What you will do. Word for word, restate every record, though not the pictures.
########################################
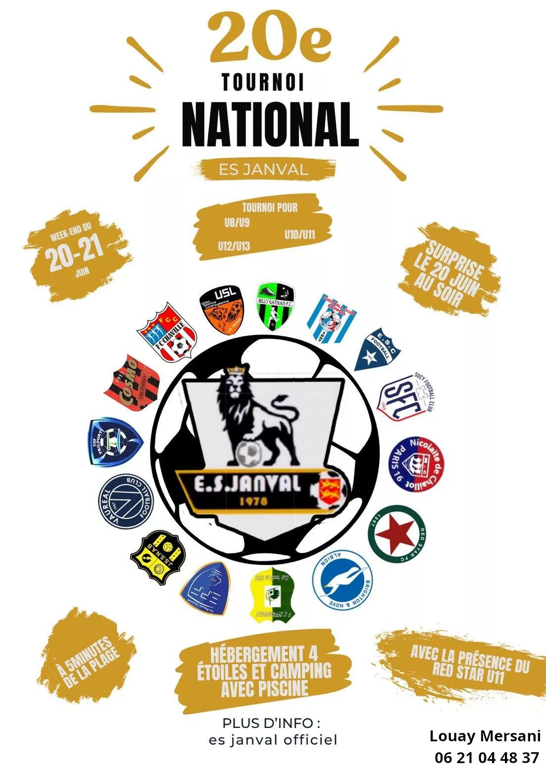 J’ai le plaisir de vous transmettre l’affiche de notre 20ᵉ Tournoi National de Football Lieu : Dieppe (Seine-Maritime – 76) À seulement 5 à 10 minutes de la plage, idéal pour allier sport et plaisir ! Dates : Week-end du 20 & 21 juin Catégories : de U9 à U13 Notre tournoi rassemble chaque année […]
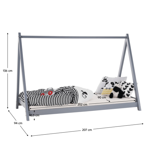 Montessori postel s zarolovaným roštem GROSI Materiál: borovicové dřevo / překližka Provedení: šedá Rozměry (ŠxHxV): 207x94x136 cm Rozměry (ŠxD): 90x202 cm Výška po rošt: 10,5 cm Nosnost: 80 kg Tloušťka materiálu: 20 mm Tloušťka materiálu nohou (ŠxH): 60x40 mm Možnost dokoupit matraci s rozměrem 90x200 cm na základě naší nabídky. Dodávané v demontu.
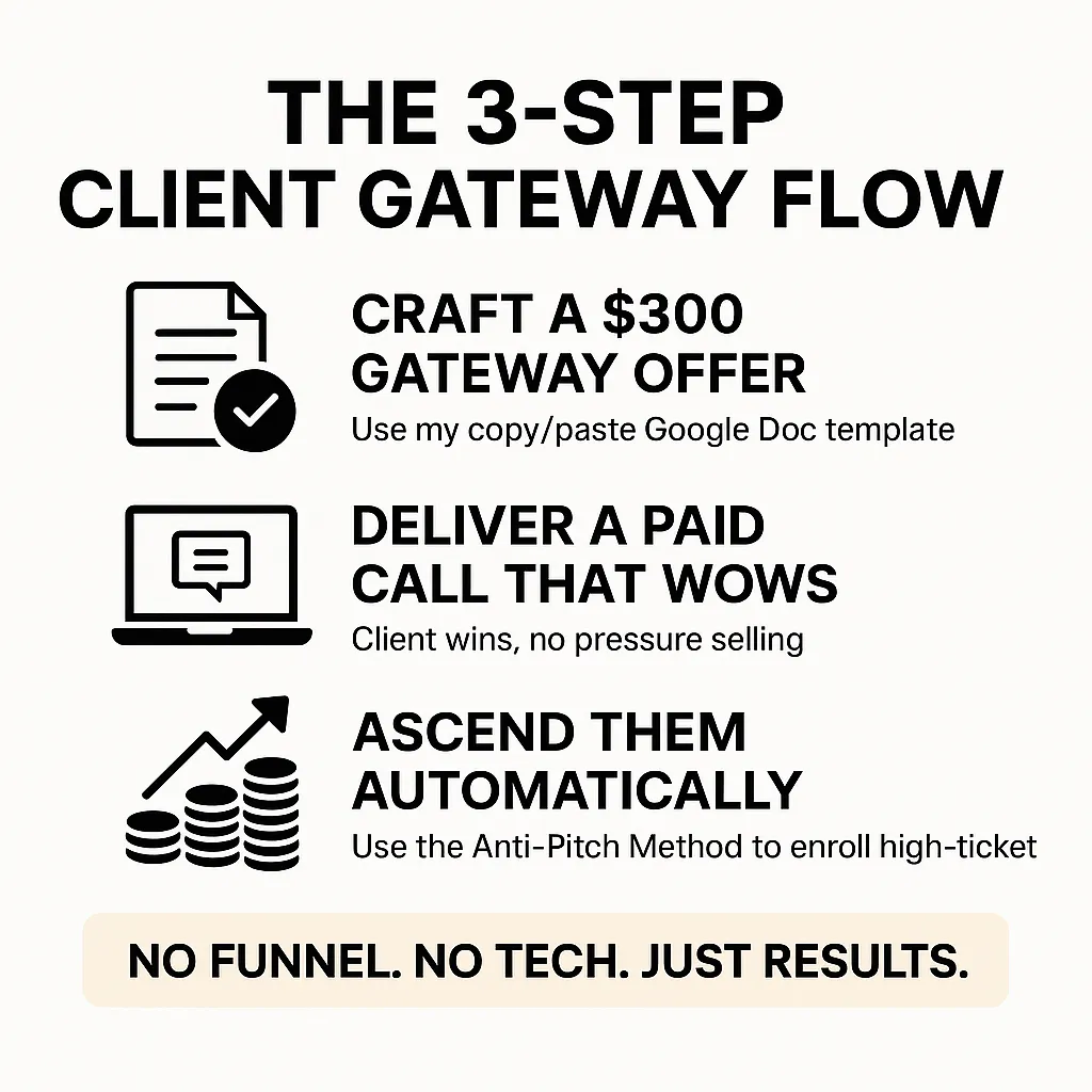 Gateway Offer™ Pricing Formula – Set the perfect price point between $100-$300 that attracts serious clients while creating a profitable front-end revenue stream.
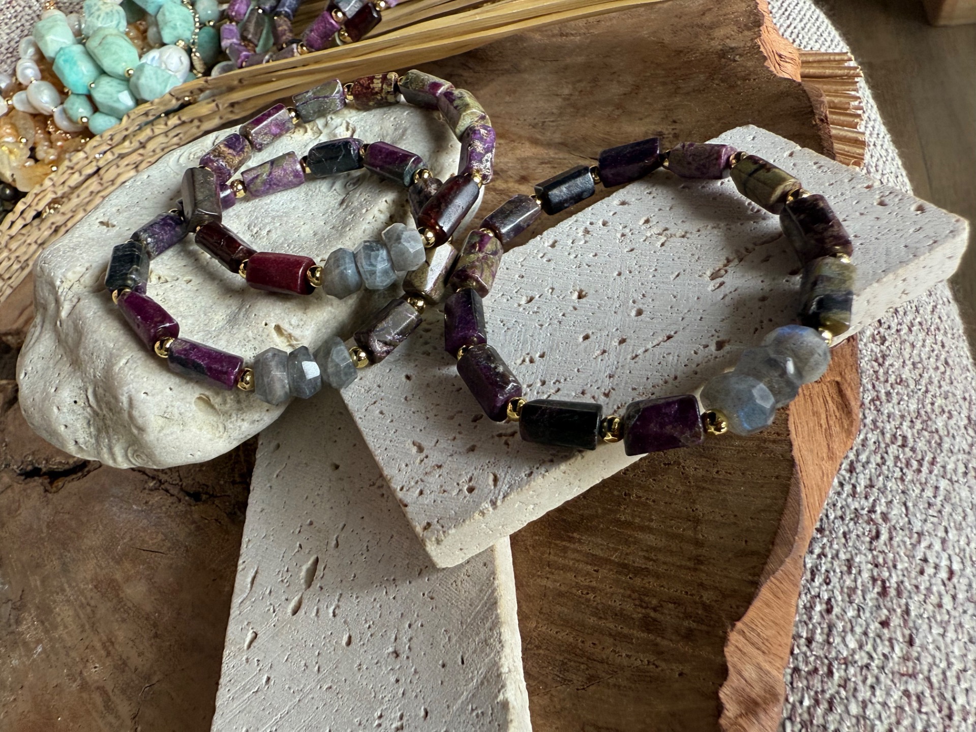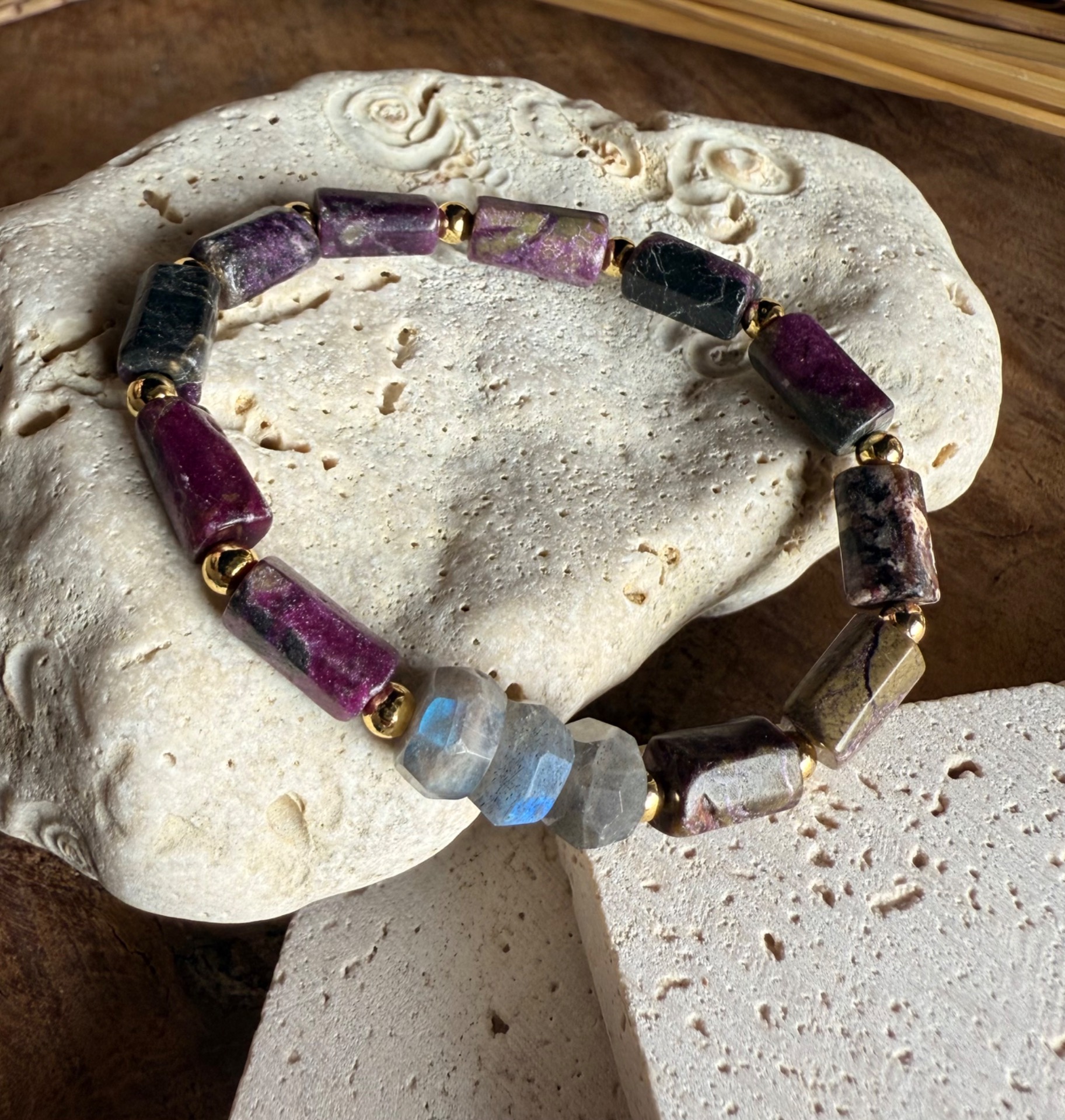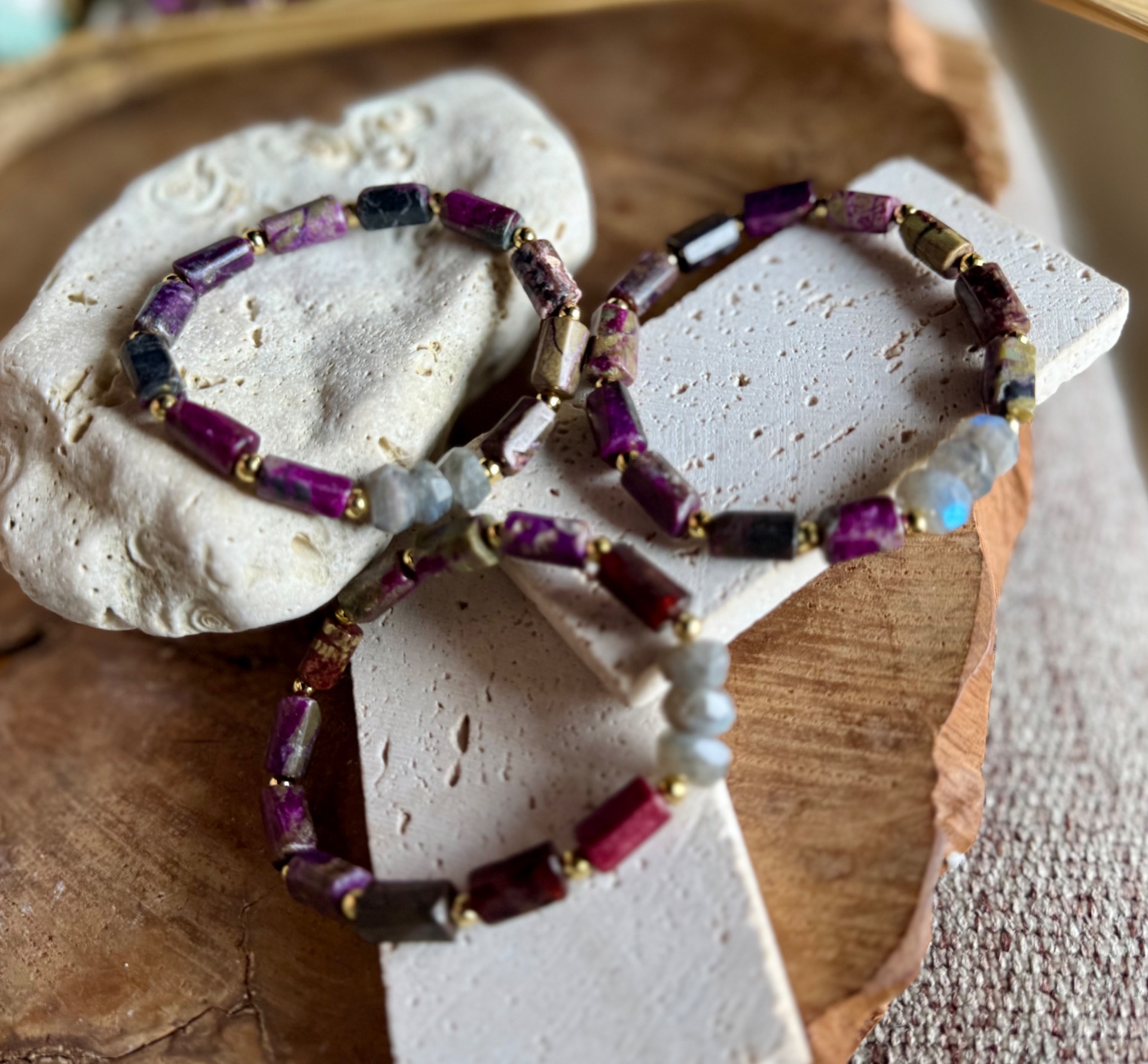 Náramok "Eudialit & Dúhový Labradorit"
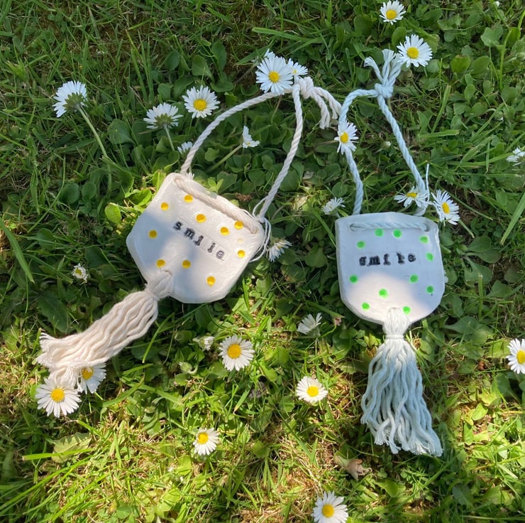 Handmade with air dry clay and macrame cord. these would make a lovely small gift for someone special.
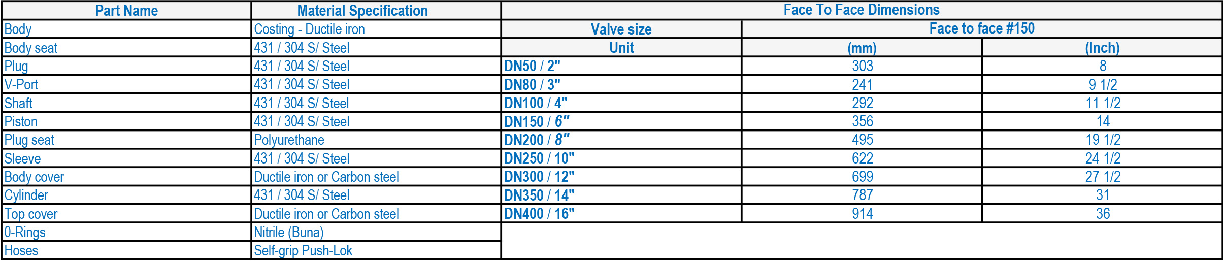 Available sizes: DN50 / 2" to DN400 / 16"
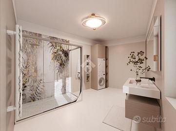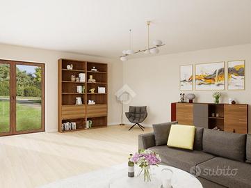 Completano la proprietà un ampio giardino e cortile esterno di circa 450 mq, un'autorimessa doppia e quattro posti auto. Il riscaldamento è autonomo a gas GPL con possibilità di allaccio alla rete del metano.
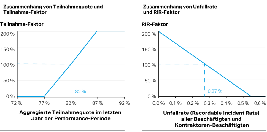 Die beiden Nachhaltigkeitskriterien aus dem Bereich „Soziales“, die Teilnahmequote an der regelmäßig stattfindenden Mitarbeitendenbefragung und die Unfallrate (Recordable Incident Rate, RIR), gehen erst mit den für die Jahre 2027 und 2028 zu ermittelnden Werten in die Auszahlung der „Prisma“-Tranchen 2024 – 2027 und 2025 – 2028 ein. Da sich aus dem aktuellen Stand für diese Kennzahlen keine Prognose für die Jahre 2027 oder 2028 ableiten lässt, werden beide Auszahlungsfaktoren für die Berechnung des beizulegenden Zeitwerts auf 100 % gesetzt.
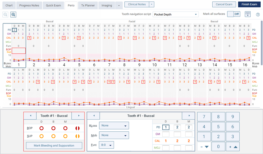 You can use the number buttons or keyboard keys to enter probing depths, gingival margins, mucogingival junctions, plaque (if applicable), and calculus (if applicable).
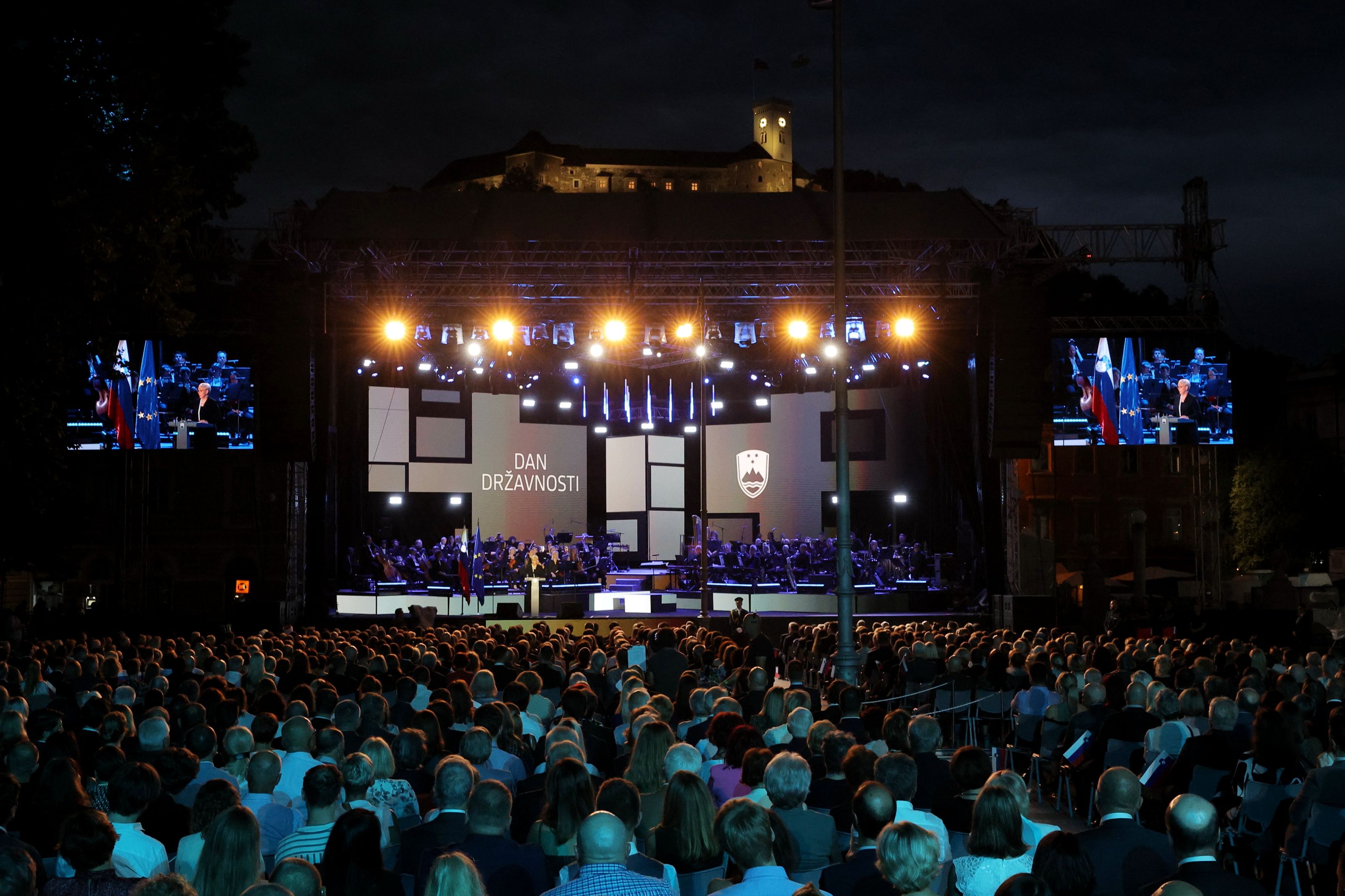 Let me return to our national anthem. It is the most beautiful in the world. Not only because it is ours, but also because it is cosmopolitan. With it, we celebrate our nation, but also the world in which we live. "God's blessing on all nations," says Prešeren, adding, "no more shall foes, but neighbours be". This is the spirit of the United Nations Charter – coexistence and collaboration, not war and weapons. This is the spirit of united Europe to which we aspire and in which we want to live. It encompasses the essence of our patriotism and efforts for prosperity. Prosperity for all. Dignity for all.
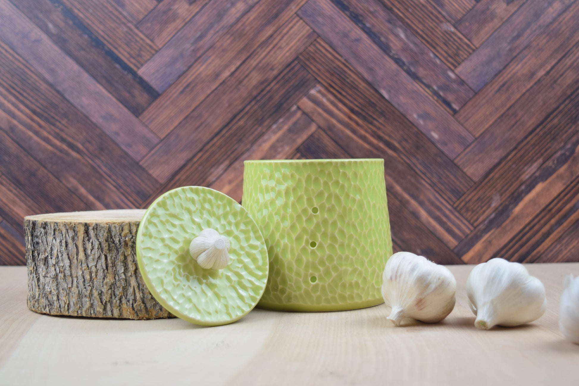 The perfect stylish garlic keeper. Hand carved jar topped with a sculpted garlic head. This jar is ventilated to keep your garlic fresh.
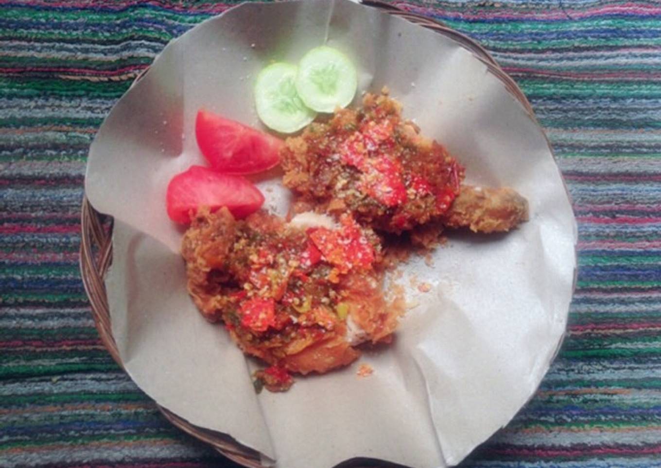 Resep ayam KFC aku minta ke temen yg emg kerja di KFC jd deh ayam geprek bensu KW an nya hahaha
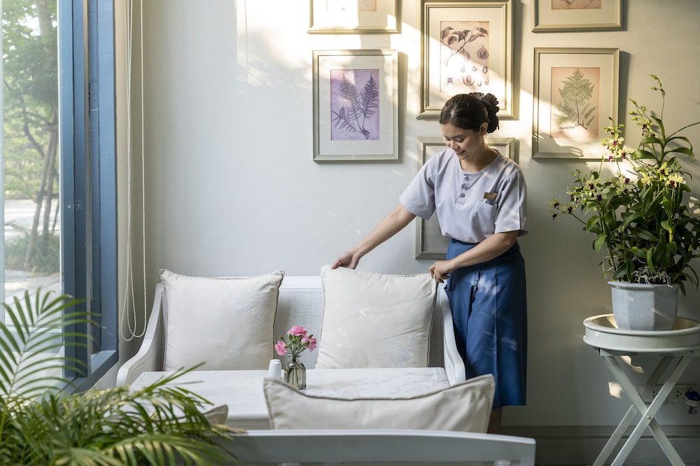 When you stay at Devasom Hua Hin Resort in Cha-am, you'll be in the historical district, within a 15-minute drive of Hua Hin Night Market and Hua Hin Railway Station. This beach hotel is 7.1 mi (11.4 km) from Hua Hin Beach and 8.3 mi (13.3 km) from Hua Hin Market Village. Make yourself at home in one of the 23 air-conditioned rooms featuring refrigerators and free minibar items. Rooms have private balconies. 42-inch Smart televisions with cable programming provide entertainment, while complimentary wireless internet access keeps you connected. Private bathrooms with separate bathtubs and showers feature rainfall showerheads and designer toiletries. Distances are displayed to the nearest 0.1 mile and kilometer.
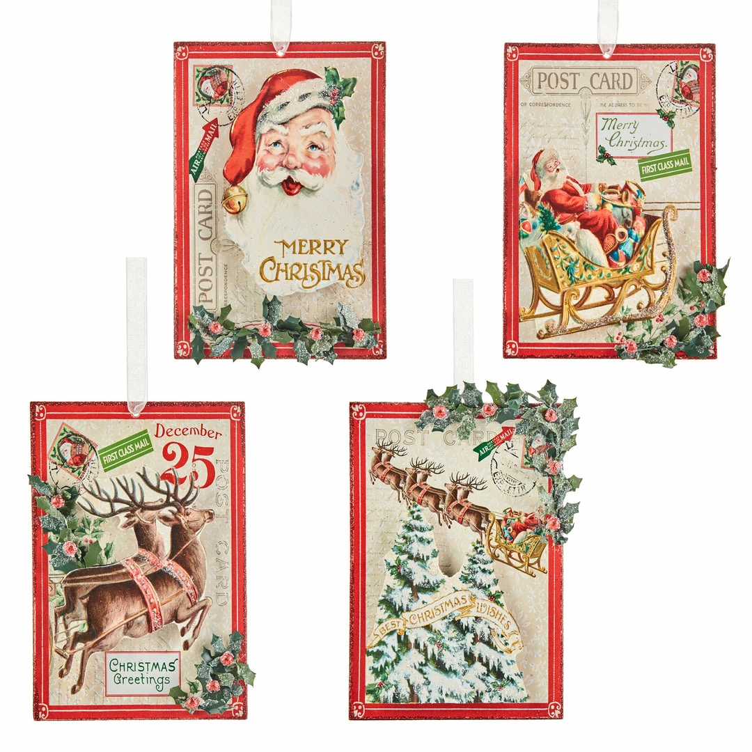 - 4 assorted post card ornaments
########################################
Task response.
 J’ai le plaisir de vous transmettre l’affiche de notre 20ᵉ Tournoi National de Football Lieu : Dieppe (Seine-Maritime – 76) À seulement 5 à 10 minutes de la plage, idéal pour allier sport et plaisir ! Dates : Week-end du 20 & 21 juin Catégories : de U9 à U13 Notre tournoi rassemble chaque année […]
 Montessori postel s zarolovaným roštem GROSI Materiál: borovicové dřevo / překližka Provedení: šedá Rozměry (ŠxHxV): 207x94x136 cm Rozměry (ŠxD): 90x202 cm Výška po rošt: 10,5 cm Nosnost: 80 kg Tloušťka materiálu: 20 mm Tloušťka materiálu nohou (ŠxH): 60x40 mm Možnost dokoupit matraci s rozměrem 90x200 cm na základě naší nabídky. Dodávané v demontu.
 Gateway Offer™ Pricing Formula – Set the perfect price point between $100-$300 that attracts serious clients while creating a profitable front-end revenue stream.
 Náramok "Eudialit & Dúhový Labradorit"
 Handmade with air dry clay and macrame cord. these would make a lovely small gift for someone special.
 Available sizes: DN50 / 2" to DN400 / 16"
 Completano la proprietà un ampio giardino e cortile esterno di circa 450 mq, un'autorimessa doppia e quattro posti auto. Il riscaldamento è autonomo a gas GPL con possibilità di allaccio alla rete del metano.
 Die beiden Nachhaltigkeitskriterien aus dem Bereich „Soziales“, die Teilnahmequote an der regelmäßig stattfindenden Mitarbeitendenbefragung und die Unfallrate (Recordable Incident Rate, RIR), gehen erst mit den für die Jahre 2027 und 2028 zu ermittelnden Werten in die Auszahlung der „Prisma“-Tranchen 2024 – 2027 und 2025 – 2028 ein. Da sich aus dem aktuellen Stand für diese Kennzahlen keine Prognose für die Jahre 2027 oder 2028 ableiten lässt, werden beide Auszahlungsfaktoren für die Berechnung des beizulegenden Zeitwerts auf 100 % gesetzt.
 You can use the number buttons or keyboard keys to enter probing depths, gingival margins, mucogingival junctions, plaque (if applicable), and calculus (if applicable).
 Let me return to our national anthem. It is the most beautiful in the world. Not only because it is ours, but also because it is cosmopolitan. With it, we celebrate our nation, but also the world in which we live. "God's blessing on all nations," says Prešeren, adding, "no more shall foes, but neighbours be". This is the spirit of the United Nations Charter – coexistence and collaboration, not war and weapons. This is the spirit of united Europe to which we aspire and in which we want to live. It encompasses the essence of our patriotism and efforts for prosperity. Prosperity for all. Dignity for all.
 The perfect stylish garlic keeper. Hand carved jar topped with a sculpted garlic head. This jar is ventilated to keep your garlic fresh.
 Resep ayam KFC aku minta ke temen yg emg kerja di KFC jd deh ayam geprek bensu KW an nya hahaha
 When you stay at Devasom Hua Hin Resort in Cha-am, you'll be in the historical district, within a 15-minute drive of Hua Hin Night Market and Hua Hin Railway Station. This beach hotel is 7.1 mi (11.4 km) from Hua Hin Beach and 8.3 mi (13.3 km) from Hua Hin Market Village. Make yourself at home in one of the 23 air-conditioned rooms featuring refrigerators and free minibar items. Rooms have private balconies. 42-inch Smart televisions with cable programming provide entertainment, while complimentary wireless internet access keeps you connected. Private bathrooms with separate bathtubs and showers feature rainfall showerheads and designer toiletries. Distances are displayed to the nearest 0.1 mile and kilometer.
 - 4 assorted post card ornaments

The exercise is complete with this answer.